If the release stanza can be made more useful in that regard, that'd be great! Currently we don't use it at all.

[veimox]

I have gone through all the issues presented by @mikepurvis and similar and it seems I am trying to do the exact same as he has already done. This PR and his are the exact same.

After thinking for a while the source option (option 3 as in here) I think is the way to go and does not require any contribution in this package. Still the PR #126 is not wrong because it follows the Debian convention so I would not revert it. Im prone to close this one though.

Thinking in a way possible way forward, I think the ros-infrastructure organization should have an answer for those that want to do point releases of a whole robot software (point release, super bundle or whatever we wanna name it). Here the discussion is upon the from sources solution although there are more like from binaries , the one proposed by colcon (used by AWS), Docker, snaps... Either documenting all or just one is not up to me but I can definitely put hours on this task if the decision is taken.

[dirk-thomas]

Still the PR #126 is not wrong because it follows the Debian convention

I don't think the Debian convention is relevant in this case. When using a release repo in the release section the version must have a Debian increment. So if we drop the idea to support source repos in that section there is no need to relax that check. Hence I will revert #126 if we decide to close this ticket.

[dirk-thomas]

I think the ros-infrastructure organization should have an answer for those that want to do point releases of a whole robot software (point release, super bundle or whatever we wanna name it).

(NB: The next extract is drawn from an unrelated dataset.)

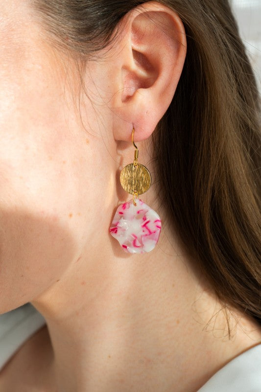 Get ready to make a statement with our Hannah Earrings in Cherry Blossom! These earrings feature a lightweight and unique abstract design with gold accents, perfect for comfortable all day wear. Elevate your style with a touch of quirkiness and fun.
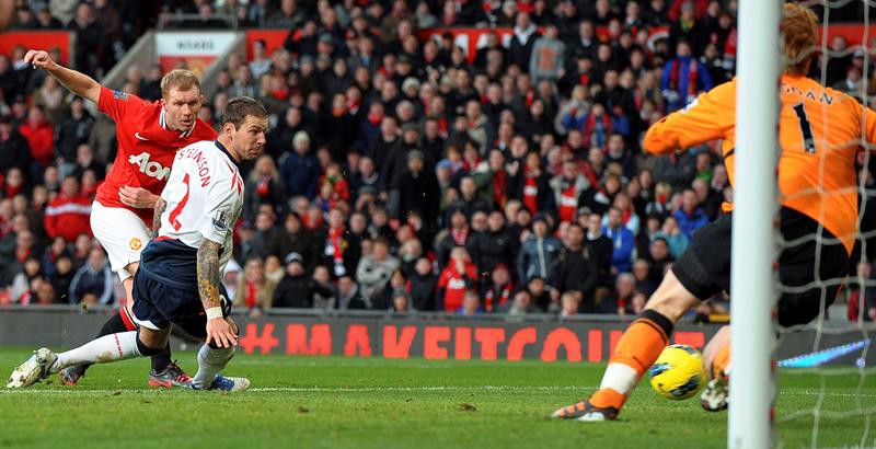 Paul Scholes, el centrocampista de 37 años del Manchester United, ha vuelto de su retiro futbolístico para encarrilar una victoria frente al Bolton (3-0) que añade de nuevo presión sobre sus vecinos del Manchester City, líderes con los mismos puntos que los diablos rojos a la espera de jugar el lunes.

I think there are already different approaches in use and it is mostly a matter of someone taking the effort of writing them down.

I still think supporting source repos with only a tagged version in the release section would be a good case to cover. It would allow to clearly describe sets of released packages in parallel to referening their development branches.

@veimox If you are not interested in this anymore and will use one of the other mentioned approaches please go ahead and close this ticket.